Japanese films are full of the parasitic interloper who wheedles his way into a family only to usurp control for himself and eventually colonise it. Generally, such families go back to normal once the interloper has had his fun but for the families of Creepy that would be quite difficult. In the modern world when the family unit has become so fractured and insecure that it renders once permanent communities only temporary, a chasm has been opened in human interactions which makes it easier for extreme horror to locate itself right next door to you. Nobody knows what goes on behind closed doors, and in a sense no one wants to know. Koichi attempts to use his scientific knowledge to reassure Yasuko that, as psychopaths are usually very good neighbours, Nishino must be fine, but this only goes to show superficial the couple’s interest in their environment really is.

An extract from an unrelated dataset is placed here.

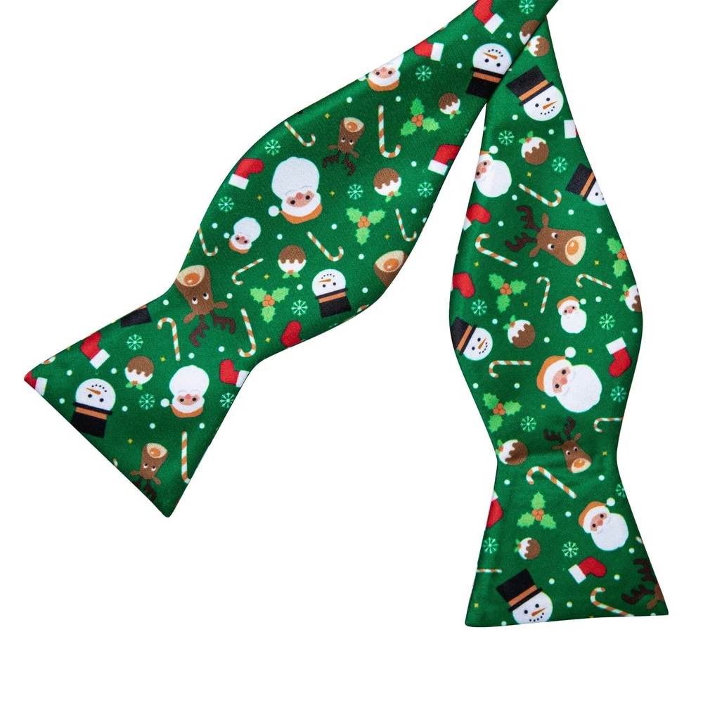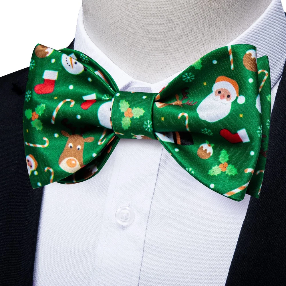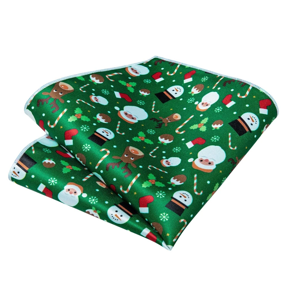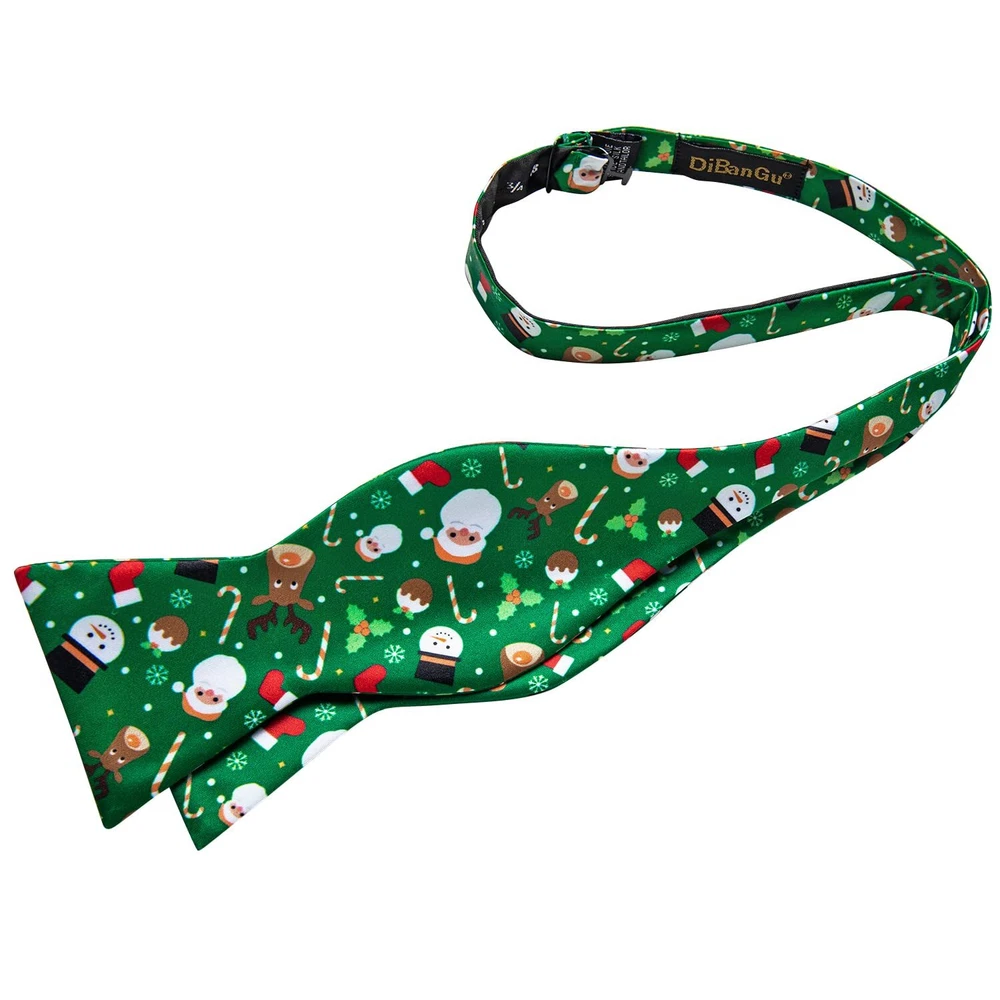 【Christmas Bowtie Set】Silk Green Christmas Self Bowtie+Woven Pocket Square+Cufflinks+Gift Box. The unique pattern and elegant style of the bowtie make your Christmas full of romance. As a Christmas gift for family or friends, the Christmas bowtie is definitely a big surprise 【Material and Craft】Christmas green and white snowman bowtie and pocket square are made from Silk. 2000 stitches jacquard woven craft, high-density fabric makes the festive bowtie soft and comfortable,non-deformed and durable.Make you look elegant and charming 【Unique Design】With a series of novel pattern and special colors for Christmas, Christmas self bowtie contains every Xmas element you can think of, so that you look full of Christmasy, Best match for Christmas,banquet,holiday party, festival prom and vacation etc 【CLASSIC SIZE】4.5 inches x 2.7 inches, for neck size(Adjustable): 14 inches-18 inches, pocket square size: 9 inches x 9 inches,Cufflink Diameter:0.55 inches. Exquisite men's bowties for a variety of dress shirts and suit tuxedo. Fill your Christmas with ritual 【More Choices】bowties with unsurpassed quality can attract more people's eyes in any occasion which is essential accessories for your wardrobe.To learn more about tie sets in different colors and styles, welcome to our tie

Koichi has a mild obsession with serial killers. His desire to spend more time with a real life psycho contributed to this fall from grace at the beginning, but his investigative abilities leave a lot to be desired. Yasuko may have suggested that Nishino is the kind of person who “has no social skills” but Koichi is the archetypal interrogator – only interested in the facts and blind to the emotional subtext. After Koichi puts too much pressure on the traumatised Saki, she accuses him of tearing into people’s emotions as if dissecting a rat, and later asks him if he has any kind of heart or real human empathy at all. For all his highly prized science, most of Koichi’s clues are based on his intuition – he just “feels” the house seems like a crime scene, that Nishino is a bad guy, and that something strange is going on.

This almost supernatural “feeling” becomes the central spine of the film as creepiness travels through the air in invisible waves. Kurosawa adopts a swirling, floating approach to camera movement in the early part of the film which gives it a drunken, ethereal atmosphere, preventing any concrete attempt to grasp the reality. Playing with lighting levels Kurosawa emphasises and isolates the characters but also adds a note of uncertainty that hints at the darkness lingering at the edges of the frame. This sense of the ever present evil that exists within otherwise pleasant environments contributes to the Lynchian sense of the absurd which is also echoed by the anxiety inducing lingering camera shots of banal objects such as room thermostat or closed gates.

Despite the eeriness of the general tone, Kurosawa encourages a strain of black humour which helps to cover some of the more outlandish plot elements. The final conclusion perhaps strains credulity and is never fully explained but then the lack of concrete details adds to the already overwhelming creepiness of the events in play. Wonderfully atmospheric, beautifully photographed, and filled with a spirit of absurdism, Creepy is a very modern horror story though one not unafraid to step into the realms of the senses.